I'm going to hide v3 and update the issue summary and change record.
Comment #60
nicxvan commentedComment #62
berdirReviewed. I think v4 makes sense as a concept. translation status is still a mess, that we need yet another value object, Need to think about about the class and method names. And possibly the final question to me is if we want to move the direct query in the cron hook in this issue or a follow-up.
Comment #63
nicxvan commentedOk I renamed this, I also moved locale cron to it's own class so we could move the storage interactions to the storage class.
Comment #64
nicxvan commentedComment #65
berdirReviewed, I think we're getting close.
Comment #68
nicxvan commentedI think it's ready for review again!
Comment #69
berdirOk, I feel comfortable RTBC'ing this now. I also made a lot of updates to the issue summary now.
Note that we basically pair-programmed this. I didn't write any code (just made a few suggestions on comments) but we both spent hours mapping and understanding the functions calls and data flows around this and then more hours discussing naming, how to isolate and separate this data structure from the others and so on.

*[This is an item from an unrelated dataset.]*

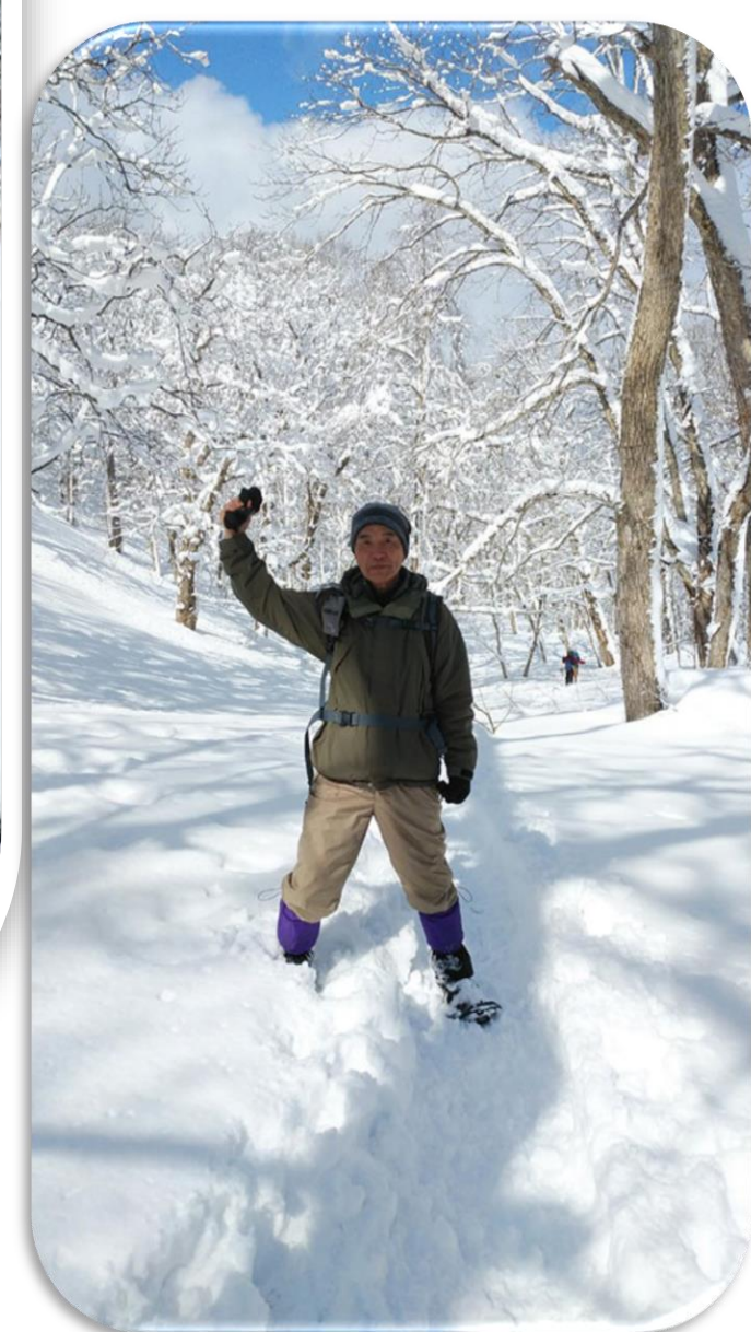
枝に着いた雪が美しい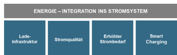
Abbildung 3: Die vier Handlungsfelder mit Bezug auf die Energieversorgung der Elektromobilität, Quelle: [12]

Considering the starting point, I'm quite happy with the result. We went from functions that, despite only having 1/3 calls, were so confusing that it took me an entire Saturday morning to have a basic understanding of what they actually do to a storage service that fully encapsulates this with a typed and documented value object, separating it from the various other data objects that are floating around. See the comments on the v3 merge request on my discovery journey: https://git.drupalcode.org/project/drupal/-/merge_requests/15774
We did our best to improve and clarify (previously barely existing) documentation. I'm sure it's not perfect, but I think it's a clear improvement. Keep in mind that absolutely nobody in contrib and presumably custom code directly uses any of this, it's entirely internal and now documented as such.
Comment #71
catchThis looks like a huge improvement, as mentioned there is more to do, but feels like we're getting to a much more organised point very quickly.
Committed/pushed to main - will need a backport MR for 11.x
Comment #74
nicxvan commentedThose should be ready.
The conflict was the use statements in locale.module.
I also fixed autowire.
I asked berdir to review if we would have issues with readonly properties and I think will be OK.
Comment #76
catchCommitted/pushed to 11.x, thanks!